Corcoran.com lists a minuscule 267 new listings this week, the lowest number I have seen on the site. Corocoran defines a new listing as a property that has come on the market in the last seven days.Usually, four to eight hundred apartments fall in that category. Sometimes, a new development lists each unit separately and creates an unwieldy amount of new listings.
Yes, the holidays may be responsible for the lack of new listings. But people are not putting their apartments on the market these days unless they have to sell.
The November housing report tells a tough story for home sellers in a season full of tough news on all fronts.
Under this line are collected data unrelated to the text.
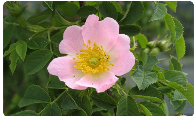
Zartrosa Blüte der Hunds-Rose

Unsere knapp 30 Wildrosenarten sind an Waldsäumen, in Hecken und Gebüsch anzutreffen. Die Standortansprüche sind sehr unterschiedlich, eine Gemeinsamkeit sind die Stacheln. Die bekannteste Art ist die Hunds-Rose mit ihren weiß bis rosa gefärbten Blüten. Diese erscheinen im Juni. Im Spätsommer färben sich die Hagebutten rot. Der Strauch ist ein wichtiges Vogelschutz- und Nährgehölz.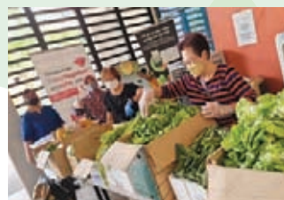
Rescued Vegetable Distribution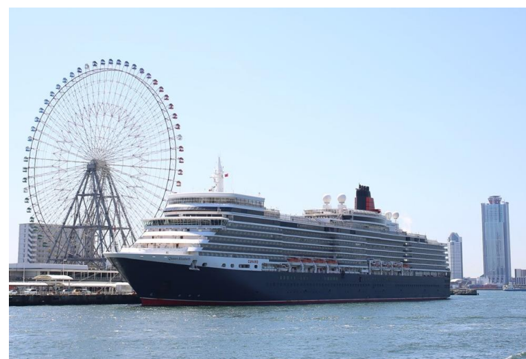
【ヒトの交流、クルーズ客船】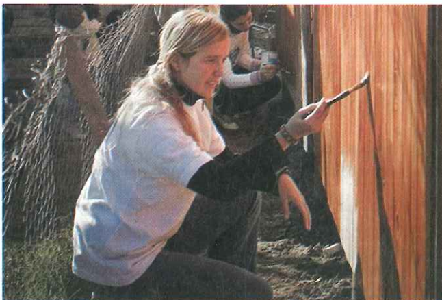
Grupo de integrantes de UTPMP en acción.

rantías, como la acción de amparo y el hábéas corpus , y todos los elementos necesarios para que no se vulneren derechos.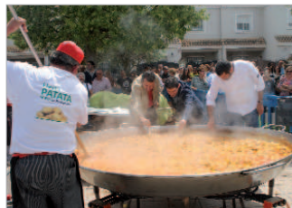
El público degustó patatas con pollo.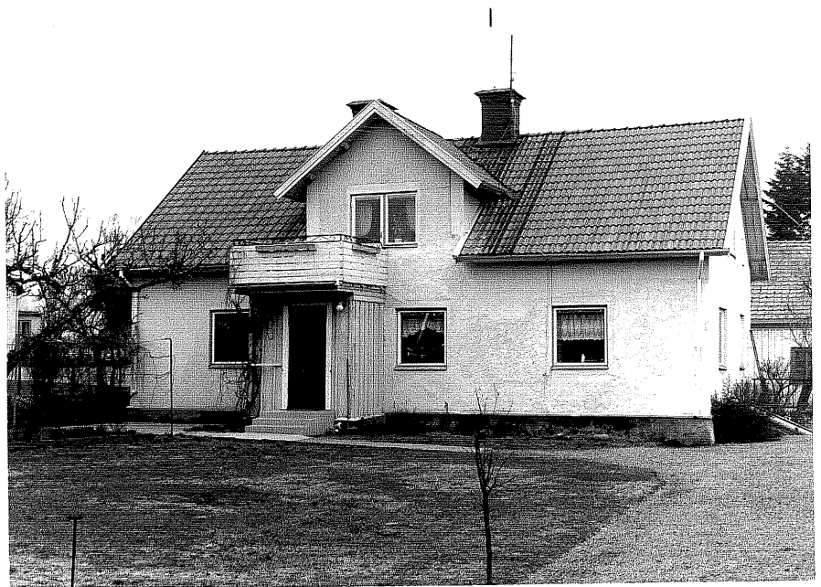
Bostadshus a fr.SV, 5:12.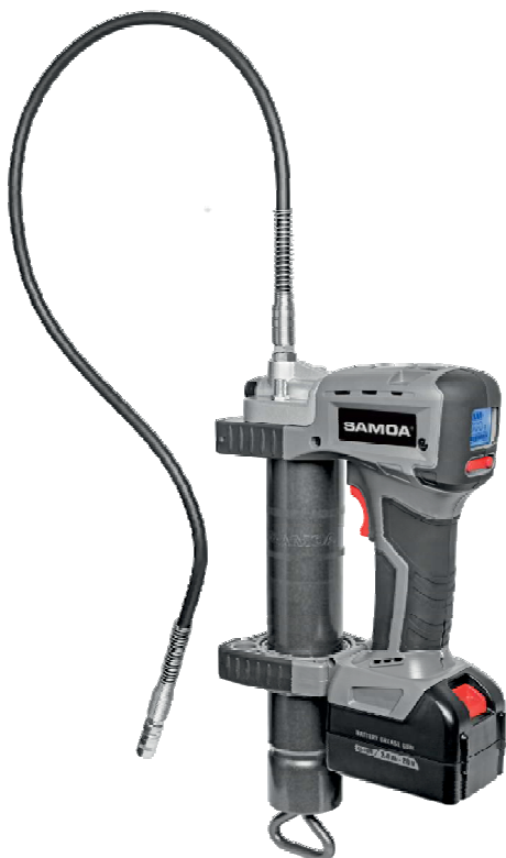
Sada AFP-S 400, obj. č. 33131

Zapsán do obchodního rejstříku u Krajského soudu v Ústí nad Labem v oddíle C, č. vložky 274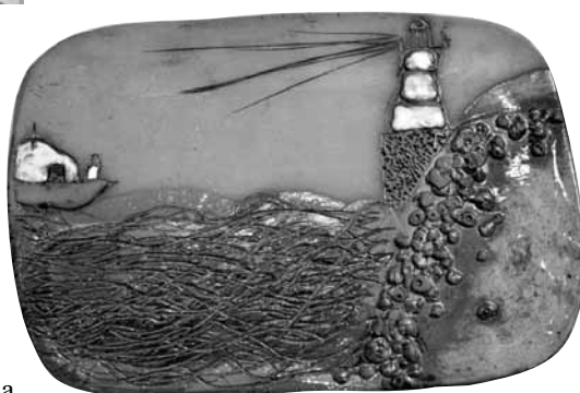
6. klases skolnieka Ralfa Berkina darbs Kurzemes bāka .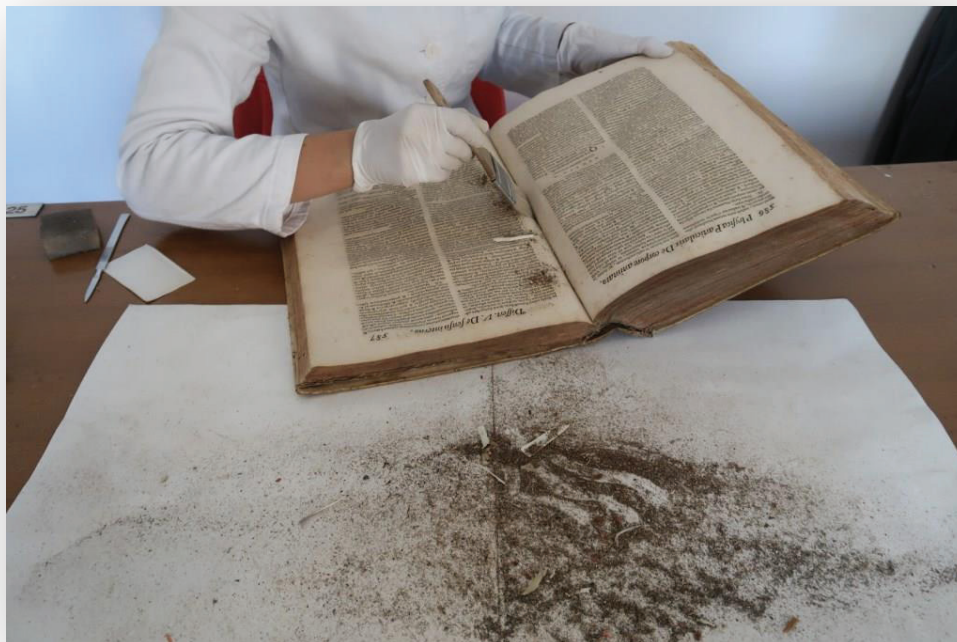
Slika 2. Čišćenje knjižnog bloka kistom od organskih vlakana

Kako izgleda građa tijekom postupka preventivne konzervacije prikazano je na sljedećim slikama.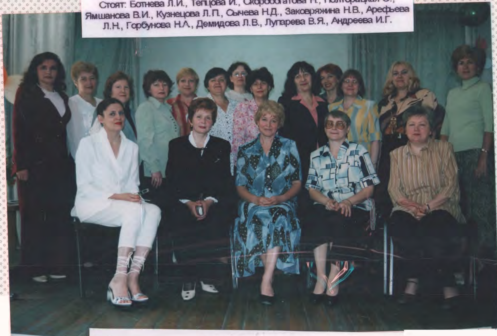
75 лет библиотеке, 2004 г. Пришедшие в ЦГБ в 1970-ые годы

Sales of existing homes declined 8.6% and the median price declined 13% from $208K last year to $181.3K.
The article identifies the peak of the market as July 2006 when the median price hit $230K. G and I sold our apartment in May 2005.
Every report about the national housing market must be asterisked for New York City residents. The decline is happening here; it's just not the avalanche it is elsewhere. Yet. Housing Predictor.com projects a 19.4% decline in Manhattan prices in 2009.
As a buyer on the sidelines, I take all the bad news reported as good news for me. Despite cheering with those in the grandstands, I see the prices going down as a necessary correction.
Many families have been burned in the housing build-up and crash, but prices could not continue to go higher and higher out of the reach of normal people. Million-dollar studios in Manhattan couldn't last forever. Eventually, someone must buy it as a place to live rather than an investment. Manhattan and the nation was playing a game of musical chairs. The music and all the house flipping stops and people must put their butts somewhere.